Almost 20 years since the astonishing event that was Live Aid, Tony Blair has tried to reclaim some of his humanist political mantle by bringing Africa and the continent’s dreadful suffering to the fore of world politics. Will it be like past such declarations? Lots of nice headlines, photo-opps with Saint Bob of Geldof? But then prove to be like George Bush’s promises on Africa and Aids assistance last year – hollow and largely untrue; what there actually was had already been in place and came with many strings attached. In short will there be real action – will the ‘advanced’ nations actually do something?
On the BBC tonight images of dreadful suffering in the Sudan once more. Government troops, Arab militias, warlords – all fighting each other with the civilians in the middle once more. So dangerous what aid is available from charities and the UN cannot reach those who need it because it is simply to dangerous for their people to travel the land. Why is it that we can commit tens of thousands of troops and enormous resources to dubious wars but we cannot commit to fight the most insidious evils that have plagued our planet for century upon weary century? If we are to put British troops in harms way then at least make it for a good reason. These little local warlords lord it over a terrified, starving populace, waving their Kalshnikovs over their heads. I’m sure plenty of our soldiers would be all to happy to get into a situation like that to twat them and let the needed relief columns through.
Odd how we can continue to commit so much to our illegal war and occupation of Iraq but it would never cross the government’s mind to give the UN command of a pile of our troops and say to them, here you go – use them to protect those who have no protectors. Am I being naïve for thinking that this simple idea is a good one? Yes, I know it wouldn’t solve all their problems right away, but until these murdering bullies are dealt with – and there is only one way to deal with a bully – no charity or UN group can start to help the population of countries like the Sudan to recover and rebuild. And don’t you think if this was the sort of foreign military adventure we had embarked upon we may have really been making a better, safer world? Don’t you think we’d be making friends, creating goodwill with other nations when they saw we were prepared to endure hardships and struggle to help the helpless? Wouldn’t warlords world-wide be terrified that they would be next? That they would be brought to account? Wouldn’t it be nice to think that people being harmed by hooligans with guns, starved and ill would have hope again? Hey, you may say I am naïve. You may say I’m a dreamer, but I’m not the only one.
On a personal note though, I have to say it is worrying to realise that I work next to some people who weren’t even born when Live Aid rocked the world to feed the planet. Obviously that means there is something wrong with them – can’t be me… Surely it can’t be me getting… older… And worse than getting older, losing my hair and realising that the future isn’t as much fun as I thought it would be is the fact that 20 years later, in the 21st century people are still facing famine and civil wars in Africa.
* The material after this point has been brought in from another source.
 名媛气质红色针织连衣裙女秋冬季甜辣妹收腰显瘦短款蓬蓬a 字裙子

Does anyone remember the cartoon of the little starving African child sitting on top of the EU’s food mountain, remarking “ from up here I can almost see Africa”. When governments didn’t do it the ordinary people of the planet did move mountains – it must have been on the most positive vibe days ever in our little world. So much good will around the globe, so many working to help people they didn’t even know. So galling to think 20 years later little has changed.
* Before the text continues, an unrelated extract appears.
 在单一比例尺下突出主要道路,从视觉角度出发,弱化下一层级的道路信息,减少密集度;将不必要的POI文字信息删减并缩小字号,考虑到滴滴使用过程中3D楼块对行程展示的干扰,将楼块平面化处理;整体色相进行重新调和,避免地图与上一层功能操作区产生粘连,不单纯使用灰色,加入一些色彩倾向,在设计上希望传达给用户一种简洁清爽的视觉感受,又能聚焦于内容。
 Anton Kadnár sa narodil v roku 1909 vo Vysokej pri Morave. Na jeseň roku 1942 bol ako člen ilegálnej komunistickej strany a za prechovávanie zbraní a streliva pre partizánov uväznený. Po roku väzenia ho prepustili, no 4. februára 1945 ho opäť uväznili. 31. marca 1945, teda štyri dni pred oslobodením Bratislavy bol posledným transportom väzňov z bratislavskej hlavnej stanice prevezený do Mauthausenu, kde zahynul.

But rather than end on a downer you have to look at the positive. For each of these awful situations there are still many people out there who risk their health and sometimes their lives to help people they don’t know. Oxfam, Save the Children, Medicins San Frontiers… It’s a long list of good people and because there are always people like this prepared to try to help for the simple reason that it is the right thing to do I do still have a little faith. It’s hard to hold on to when you see news stories like these, but you have to remember there are good people struggling to help total strangers. Why can’t governments follow these fine examples?
And what can we do? You and me on a personal level? We may not be able to do much, but we can make little differences. Buy Fair Trade where you can. Visit the Hunger Site every day. Set up a direct debit for one of the charities. It doesn’t matter if its just a few quid a month, the fact they know they get it every month allows them to budget more effectively and plan aid than relying on one-off campaigns. I do this myself and one day, if I ever escape Waterstone’s and get a job which pays a real wage I’ve promised myself I’ll up the amount each month. It’s the least I can do. And I mean that literally – all I did was fill in a direct debit form – some other folk do the hard things. They have to organise food, transport, carry it to people across all sorts of terrain in dangerous conditions. But it still makes good sense to me to do it, because if thousands of others are doing this tiny act each month then we help. We help someone we’ll never know. We make a small ripple of good will in the pool of the world, which is magnified by other ripples until one day it will become a wave breaking over the shores of despair and sorrow and wash them away forever. Perhaps I am naïve. But if I am then I am content to have the naivety.